Stella-Archer
commented
6 months ago @MeghanStothers does Jason mean here > https://status.developer.gov.bc.ca/ I'm not sure where to access the redhat dashboard Do you @warrenchristian1telus
Closed MeghanStothers closed 2 months ago
Stella-Archer
commented
6 months ago @MeghanStothers does Jason mean here > https://status.developer.gov.bc.ca/ I'm not sure where to access the redhat dashboard Do you @warrenchristian1telus
warrenchristian1telus
commented
6 months ago @MeghanStothers @Stella-Archer - Not sure if this will be patched by the updates this week. Maybe we should (re)review after the updates are in place in prod? There are some critical vulnerabilities I see listed in dev (which I believe has the latest updates), but they are all 8+ months old, which suggests to me they have been reviewed and cleared (unfixable or not remotely accessible). The ACS dashboard can be found here (although I think only DevOps team members have access): https://acs.developer.gov.bc.ca
warrenchristian1telus
commented
6 months ago We also have 49 open pull requests from Snyk and Depndabot, which we should consider implementing. Some are from over a year ago, so should likely either be implemented or cleared-out. https://github.com/bcgov/digital-journeys/pulls
fazil-ey
commented
6 months ago @bhumin-fw to follow up with Warren to coordinate what needs to be shared with AOT to get their input on what vulnerabilities can be resolved by them
warrenchristian1telus
commented
6 months ago @bhumin-fw @Stella-Archer
After some consideration and investigation, my recommendation is to disable all automatic PR (Pull Request) notifications from Snyk and/or Dependabot and leave dependency management and [most] security patching to AOT. We can still leave vulnerability scanning and reporting on, so we can identify any issues that could affect our deployments.

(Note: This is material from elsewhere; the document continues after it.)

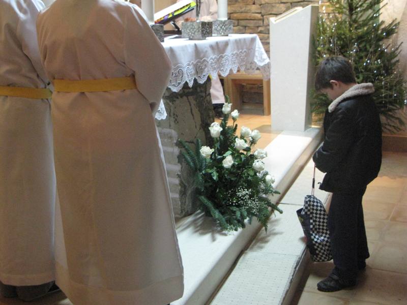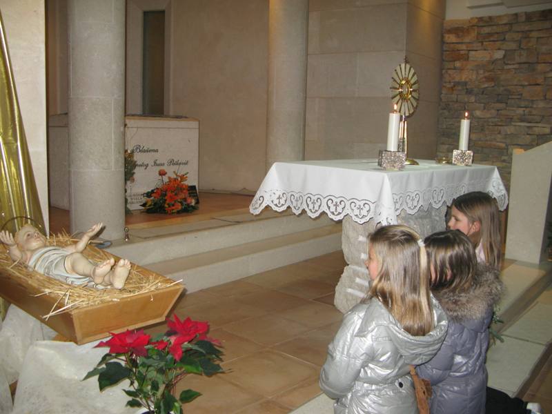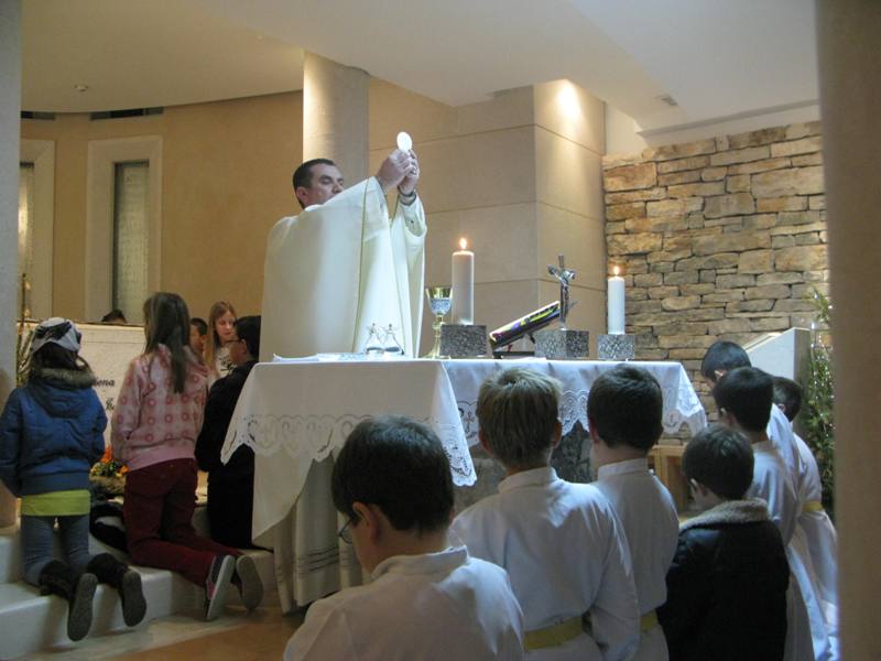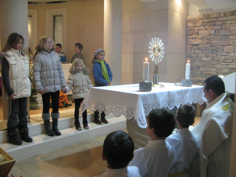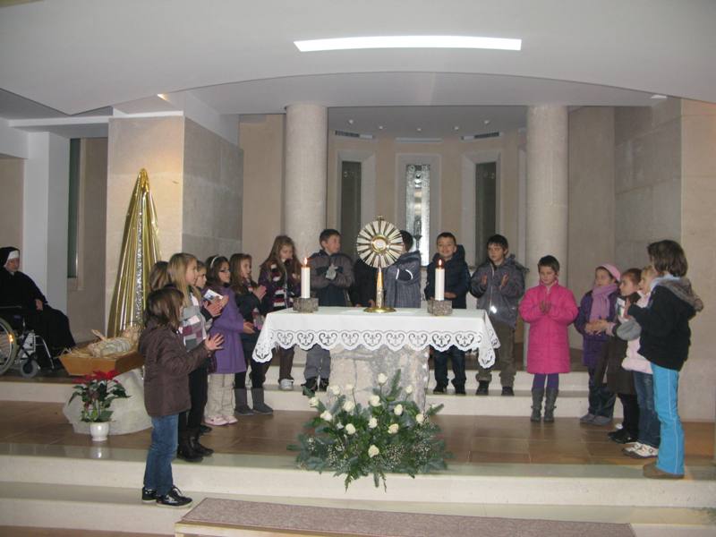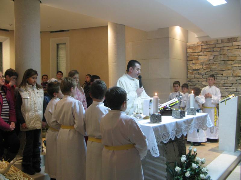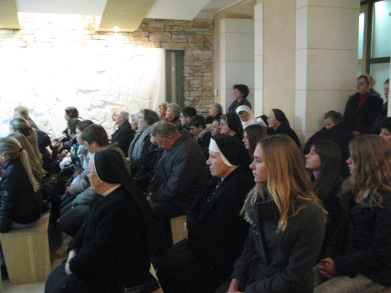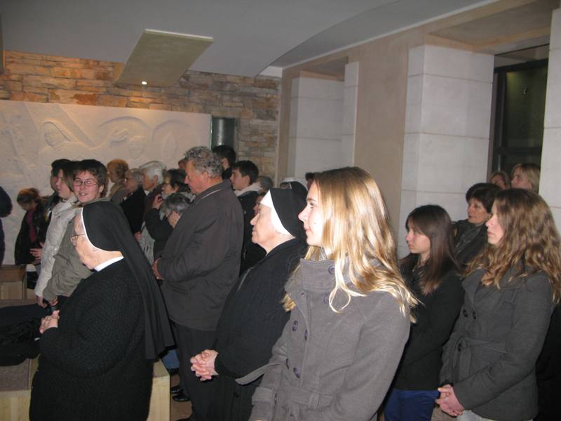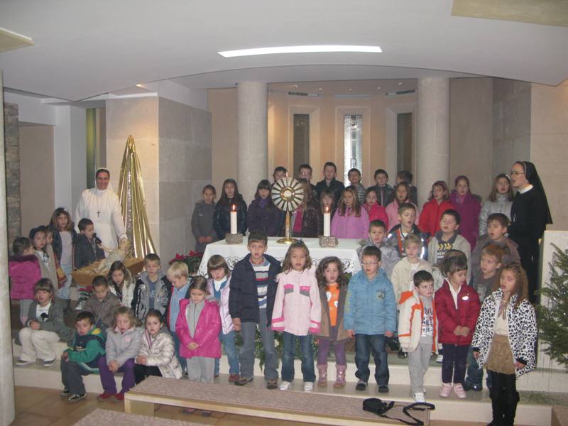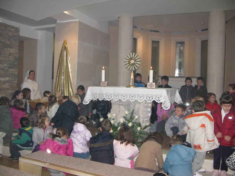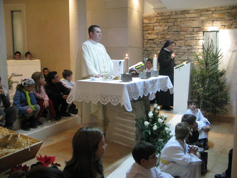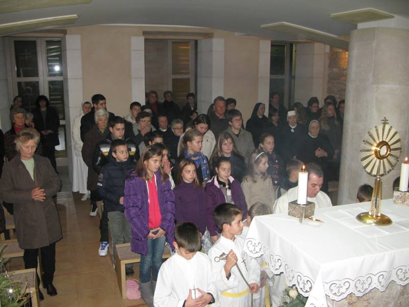Presveto je izložio župnik don Nikola Berišić u prisutnosti sestara Kćeri Milosrđa, djece iz vrtića Marija Petković, te nekoliko vjernika. Potom su na molitvu pristizali drugaši iz osnovne škole. Kroz dan navraćali su svi oni koji su imali potrebu zahvaliti Bogu i podijeliti s njime svoje brige i težnje. U 17.00 sati započelo je zajedničko klanjanje, a potom je uslijedio blagoslov s Presvetim i sveta misa koju je predvodio don Nikola. Svetište se ispunilo prvopričesnicima, krizmanicima i mnogom drugom djecom i odraslima koja su navratila ove večeri iz pobožnosti i vjere. Župni zbor mladih, Stope, predvodio je pjevanje pod svetom misom, a svi su radosno sudjelovali. Župnik nas je u svojoj propovijedio podsjetio na božićna razmišljanja, u duhu naše Blaženice, koja nam pomalo odmiču, ali zapravo zauvijek trebaju naći mjesta u našim srcima. Po Božiću Bog nam je pokazao svoju ljubav, a ljubav sve može i ništa joj nije teško. Evanđelje od dana uputilo nas je na obale Galilejskoga jezera gdje smo svjedoci Isusovog poziva učenicima koji ima stvarateljsku snagu. Slijediti Isusa postaje djelo milosti jer Isusovi učenici trebaju napustiti sve. Blažena Marija nam treba biti primjer u takvom nasljedovanju Isusa. Napsutila je sve, a ono što je Isus propovijedao, za nju je to postala životna zapovijed. Isusa kojeg je susrela, dijelila je svima. Bog i nas poziva, a za život nam daruje potrebne milosti. Slušajmo ga u tišini svoga srca.

There are too many (NPM) dependencies in FormsFlow for us to take on patching it. Instead, we should rely on AOT releases for our cues to update/patch:
Even better, we could adapt our workflow to watch the appropriate repository branch for us, and use a similar process so that we would now get a (single) PR to update FormsFow, rather than 50 smaller ones to address the underlying components.
This should allow us to make these updates by reviewing/approving a single PR issue which will automatically deploy [to dev] once approved, and then running a suite of tests (which will hopefully also be automated one day).
This will cut down these tickets/changes from almost daily, to one every couple of months or so. It also eliminates much of the associated investigation, development, testing and deploying.
We can use this GitHub Action (or similar) to generate the new PRs and provided the required details and notifications to the team, so that it can be scheduled for release.
The catch to using the action above is that we may need to implement Conventional Commit 1.0.0 commit messaging in our repo / development workflows (and likely try to match in ZenHub tagging, labeling, etc.).
Conventional Commit 1.0.0 Standard
Fork Sync may work better for our purposes, and seems to be much simpler.
Either way, we can discuss/test to figure out how best to handle these (much less frequent) updates.
This won't resolve all of our vulnerability issues.
Snyk includes just 49 of 2,723 currently CVEs flagged in prod by ACS.
I'm not sure if we really need to discuss this with AOT, but if we do, maybe we could focus on our best options for scheduling and notifications. For example, what best practice is for implementing timely updates once they are released. Scheduling security patches vs. functional upgrades, etc.. Can/should we automate this piece?
Stella-Archer
commented
2 months ago @warrenchristian1telus is this critical should we be looking at this next sprint?
warrenchristian1telus
commented
2 months ago @Stella-Archer This is no longer critical. ACS dashboard is now showing that we have zero critical vulnerabilities in production. I think previous updates have resolved those.
I think we could [re]address our update/upgrade procedures for products outside of AOT control (MongoDB, Patroni, KeyCloak images, etc.) when we tackle luster right-sizing and deployment strategies.
As this issue is regarding critical vulnerabilities, I would say it can be closed and we can discuss/migrate options for ongoing updates in my comment above: https://github.com/bcgov/digital-journeys/issues/1701#issuecomment-2057274925
Stella-Archer
commented
2 months ago Thanks @warrenchristian1telus Ive tagged this to the 'right sizing' epic so w don't lose sight of it and am closing
Jason Yang let me know there are critical vulnerabilities on the Red Hat dashboard for formsflow - can you have a look?